PHP-Polyfills / mb_trim

PHP: Provides a user-land polyfill for `mb_trim`, `mb_ltrim`, and `mb_rtrim` functions added in PHP 8.4.
https://php.watch/versions/8.4/mb_trim-mb_ltrim-mb_rtrim
MIT License
4 stars 2 forks source link

Type of return value mb_trim() is incompatible with possible return values of preg_replace() #2

Open utilmind opened 1 month ago

utilmind commented 1 month ago

Hello! Here is the one issue I noticed...

If input string has non-UTF8 encoding (e.g. Windows-1251 aka cp1251) and no encoding is explicitly specified upon call of mb_trim(), preg_replace() will return NULL, thus it will trigger PHP Fatal error because “Return value must be of type string, null returned”.

Possible solutions are either, explicitly specify the (string) type for return value: – return (string)preg_replace("/^[\s\0]+|[\s\0]+$/uD", '', $string);, or – don't use type hints for the function parameters and return value.

I would prefer this way, so this polypill will be compatible with even earlier PHP versions, earlier than current PHP 8.1 support. (BTW, I still supporting legacy website written on PHP5 and interested using this polyfill there.)

P.S. I'm not really sure that this is a real issue. Maybe it's good that it triggers fatal error in case if input string has wrong encoding.

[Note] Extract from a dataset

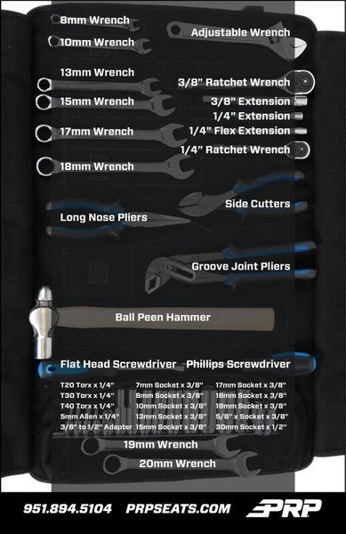 PRP's Can-Am Roll-Up Tool Kit provides everything you need to fix your Can-Am Maverick X3, Sport, or Commander UTV out on the trail. This 35 piece kit includes a selection of high-quality ratchets, sockets, wrenches, extension bars, pliers, and a ball peen hammer (for when things get really fun). We've hand picked the tools that are needed most when working on a Can-Am - So you have only the essentials that you really need. Below we have listed all the tools included, along with a handy guide to the most common uses for each tool. Each tool also includes a Limited Lifetime Warranty. The Roll-Up Bag makes it easy to keep everything neat and organized. It features dedicated sleeves for all the tools included in the kit, as well as a zippered pocket to hold the sockets and any other tools you want to bring with you. The bag is made from extremely durable twill material. It features heavy duty buckles, and an easy to carry grab handle. It can be mounted, or stored securely inside the vehicle. The roll-up style bag makes it quick and easy to grab out of the vehicle when you need it, and the tools inside don't make noise when bouncing around the trails. Don't get caught out on the trail unprepared. PRP's Roll-Up Tool Kit has everything you need to get your Can-Am UTV going! Testimonial "This tool burrito is the product I end up using the most, and has pretty much everything you really need to work on a Can-Am. I know that, because I've broken almost everything on a Can-Am X3." - Aaron Vehicle Fitment Can-Am Maverick X3, Can-Am Maverick X3 Max, Can-Am Maverick Sport, Can-Am Maverick Trail, Can-Am Commander Kit Includes 1- Flat Head Screwdriver – Interior Panels, Hose Clamps, Shock Adjust 1- Phillips Head Screwdriver – Hose Clamps 1- Groove Joint Pliers 1- Side Cutting Pliers - Snip Snip 1- Long Nose Pliers – For when you drop things down where it’s hard to reach 1- 8” Adjustable Wrench 1- Ball Peen Hammer – If something doesn’t fit… make it fit 1- 1/4” Ratchet 1 -
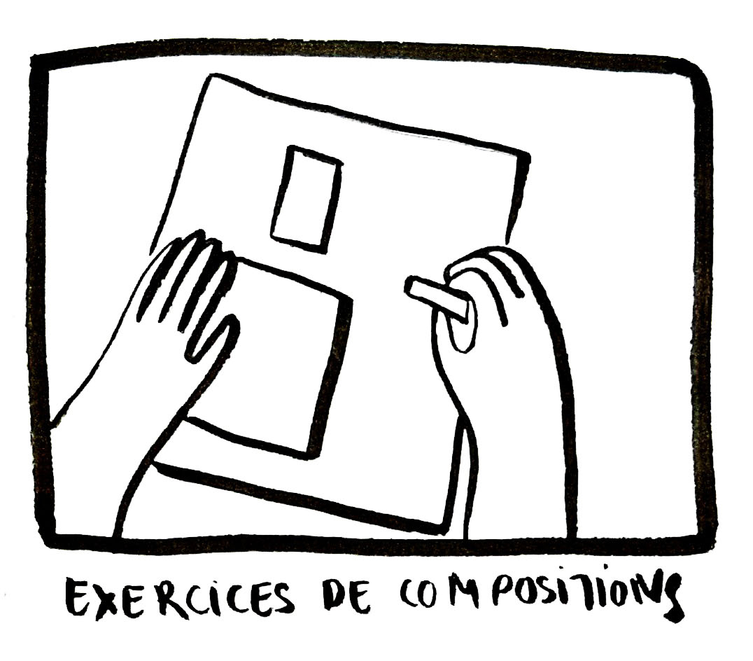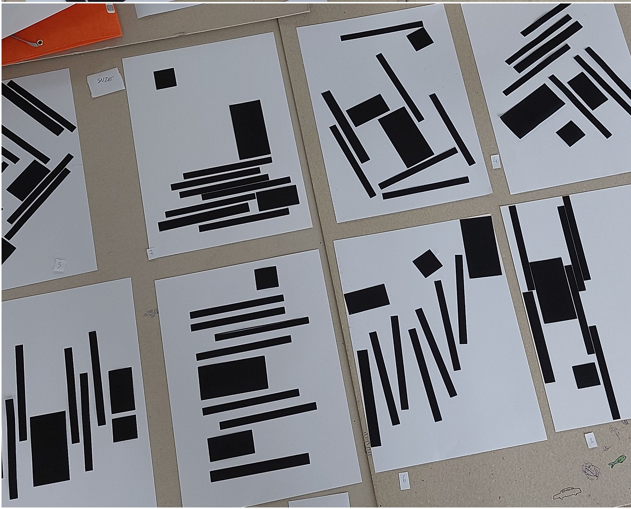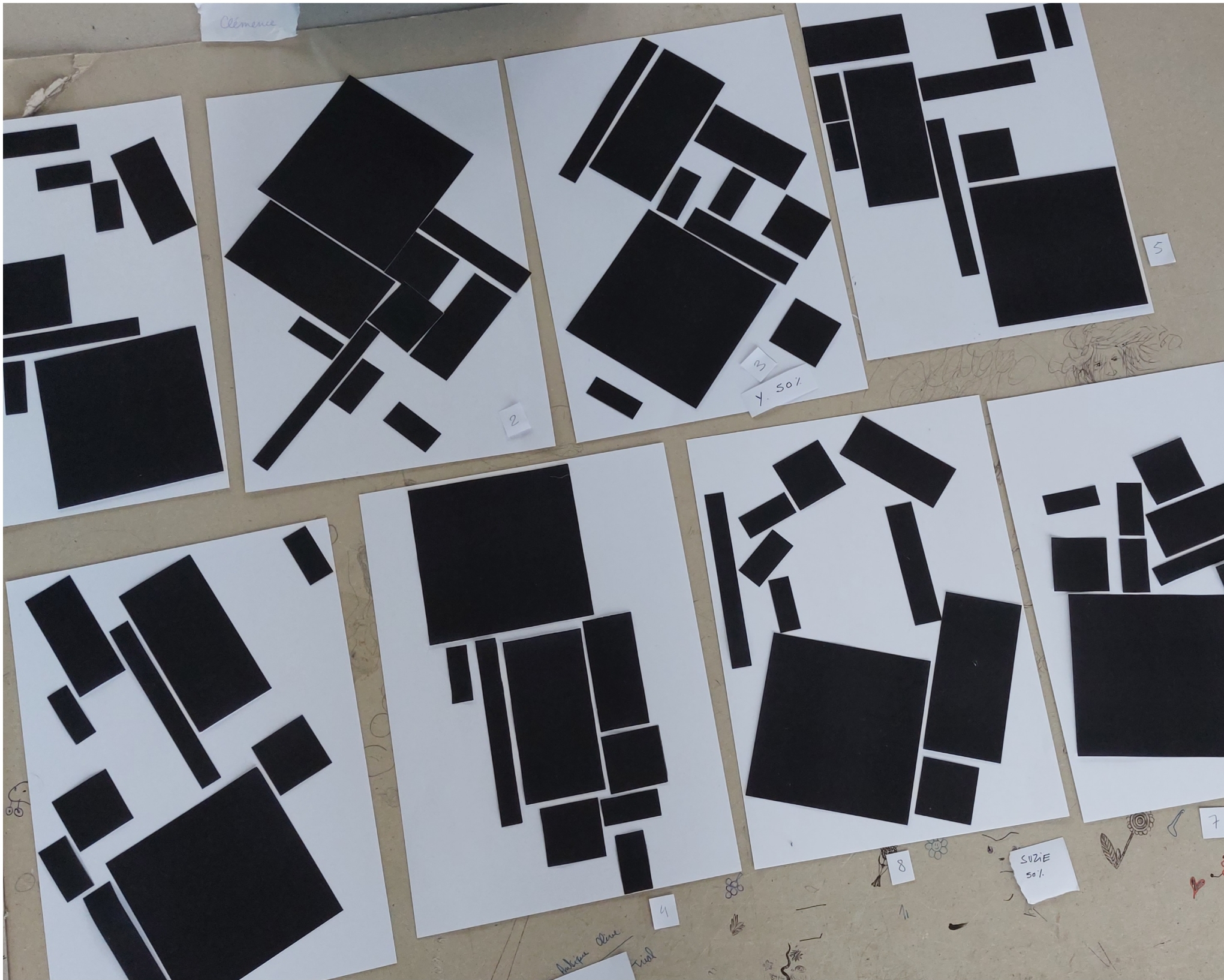 “Lors de cette séance, il a été question d’analyser diverses affiches jouant avec la typographie et l’agencement du texte dans l’espace. Les affiches de Pierre Neuman et de Michel Bierut en sont un parfait exemple, ainsi que les affiches pour Yale School of Architecture où la typographie n’est plus un simple texte mais une image également, dans le même esprit que le travail de Paula Scher. Ensuite, il a été question de s’entraîner à créer des compositions abstraites avec des carrés et rectangles noirs en les agençant dans un A4 tout en jouant sur les contrastes de forme, de taille et de proportion.”

utilmind commented 1 month ago

Additionally I don't understand the purpose of the following heavy construction:

    $charMap = array_map(static fn(string $char): string => preg_quote($char, '/'), mb_str_split($characters));
    $regexClass = implode('', $charMap);
    $regex = '/^[' . $regexClass . ']+|[' . $regexClass . ']+$/uD';

Why not make it simple?

    $characters = preg_quote($characters, '/');
    $regex = '/^[' . $characters . ']+|[' . $characters . ']+$/uD';

I'm not preparing PR yet. Perhaps you have serious reasons for acting this way that are not obvious to me. Please let me know what do you think? These 2 code blocks producing equal result or not? BTW, shorter code is compatible with PHP5 PHP7.

UPD. I performed some tests and I don't see any difference between the original and improved block. The only difference that the first one escaping characters one by one, mine is doing this with entire string. But result is always the same, the goal, to literally escape each character of the string achieving in both ways. But mine is shorter and faster.

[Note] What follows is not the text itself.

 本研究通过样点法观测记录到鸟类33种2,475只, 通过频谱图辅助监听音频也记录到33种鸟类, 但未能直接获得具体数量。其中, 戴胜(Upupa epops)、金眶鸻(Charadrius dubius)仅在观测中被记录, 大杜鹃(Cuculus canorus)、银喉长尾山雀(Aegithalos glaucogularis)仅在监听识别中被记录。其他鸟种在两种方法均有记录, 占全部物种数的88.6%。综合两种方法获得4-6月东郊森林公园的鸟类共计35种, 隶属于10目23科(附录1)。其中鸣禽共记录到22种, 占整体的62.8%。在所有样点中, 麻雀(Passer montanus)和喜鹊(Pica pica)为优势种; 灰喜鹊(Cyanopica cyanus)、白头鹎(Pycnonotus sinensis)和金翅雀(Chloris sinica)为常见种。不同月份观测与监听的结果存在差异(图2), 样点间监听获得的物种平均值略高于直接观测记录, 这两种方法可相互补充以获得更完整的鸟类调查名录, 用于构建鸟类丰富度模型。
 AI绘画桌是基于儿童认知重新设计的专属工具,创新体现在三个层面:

If you approve my another pull request, please let me know, I will prepare another one with this improvement.

utilmind commented 1 month ago

Here is a polyfill for PHP5. Not exact polyfill, PHP5 doesn't supports u{xxxx} characters, but it still works in most cases:

        if (PHP_VERSION_ID < 70000) {
            $chars = '\\s|\\xC2\\xA0'; // \\xC2\\xA0 is the same as [\t\x{00A0}]/u

            if ($characters = str_replace(UTF8_SPACES, '', $characters)) {
                $chars .= '|['.preg_quote($characters, '/').']';
            }

            return preg_replace("/^($chars)+|($chars)+$/", '', $str);
        }